◆ **The data**
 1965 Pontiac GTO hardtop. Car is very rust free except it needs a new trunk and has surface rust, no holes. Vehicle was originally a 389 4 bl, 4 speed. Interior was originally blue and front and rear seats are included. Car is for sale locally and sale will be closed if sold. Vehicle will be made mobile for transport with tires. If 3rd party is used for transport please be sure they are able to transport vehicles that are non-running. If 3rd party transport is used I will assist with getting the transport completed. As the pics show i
--
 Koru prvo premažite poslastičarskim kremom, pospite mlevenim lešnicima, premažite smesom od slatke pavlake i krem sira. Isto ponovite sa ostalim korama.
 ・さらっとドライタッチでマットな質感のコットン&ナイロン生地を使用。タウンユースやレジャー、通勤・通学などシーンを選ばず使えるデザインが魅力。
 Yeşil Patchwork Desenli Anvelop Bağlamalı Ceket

◆ **Exercise goal**
What you return must be an exact retyping of the lines above starting at the line with "Koru prvo premažite" and ending at the line with "Yeşil Patchwork Desenli", and nothing besides.

◆ **Response**
 Koru prvo premažite poslastičarskim kremom, pospite mlevenim lešnicima, premažite smesom od slatke pavlake i krem sira. Isto ponovite sa ostalim korama.
 ・さらっとドライタッチでマットな質感のコットン&ナイロン生地を使用。タウンユースやレジャー、通勤・通学などシーンを選ばず使えるデザインが魅力。
 Yeşil Patchwork Desenli Anvelop Bağlamalı Ceket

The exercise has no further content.